I dunno to be honest! He's only 2 and a half, and I think he's too young to tell? I haven't committed to him being a boy or a girl, I'm leaning towards girl but as I said I think he's too young to be sure. Pegasus may turn out to be female, I'm not sure. 



N2TORTS said:


> I personally like the splittys as they are unique in their own way and I have yet produced two that look the same ......so hats off to the splittys and a one of kind tortoise. Of course one can expect like you have mentioned " something is wrong" .....from most "Sheepole" but that is far from the truth.
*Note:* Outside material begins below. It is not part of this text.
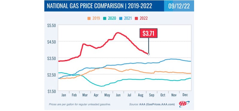 “Less expensive oil usually leads to less expensive gas for drivers,” said Andrew Gross, AAA spokesperson. “This trend has helped pump prices fall steadily for three straight months and, with fall approaching, more markets could soon see prices below $3 per gallon.”

I like that, there is NOTHING wrong with my baby! if anything, if he did ever get mixed up with some other torts, I'd know him immediately!


----------



## Anyfoot (Feb 6, 2015)

ladyengineer said:


> I dunno to be honest! He's only 2 and a half, and I think he's too young to tell? I haven't committed to him being a boy or a girl, I'm leaning towards girl but as I said I think he's too young to be sure. Pegasus may turn out to be female, I'm not sure.
> 
> 
> I like that, there is NOTHING wrong with my baby! if anything, if he did ever get mixed up with some other torts, I'd know him immediately!


If it turns out to be female you can call her Peggy instead.


----------



## allegraf (Apr 28, 2015)

I once hatched a most unusual plastron baby. It had a heart right near the head. Haven't seen one like it since.

http://www.tortoiseforum.org/threads/heart-on-the-plastron.14549/


----------



## Tidgy's Dad (Apr 28, 2015)

All these little differences just make them unique and even more special.


----------



## CharlieM (May 2, 2015)

allegraf said:


> I once hatched a most unusual plastron baby. It had a heart right near the head. Haven't seen one like it since.
> 
> http://www.tortoiseforum.org/threads/heart-on-the-plastron.14549/


That's cool. Where did this one end up?


----------



## bouaboua (May 2, 2015)

I think he looks cool! ! ! !


----------



## allegraf (May 2, 2015)

CharlieM said:


> That's cool. Where did this one end up?


Kept her for two years then found her a new home. Should have kept her, she started to get real colorful.


----------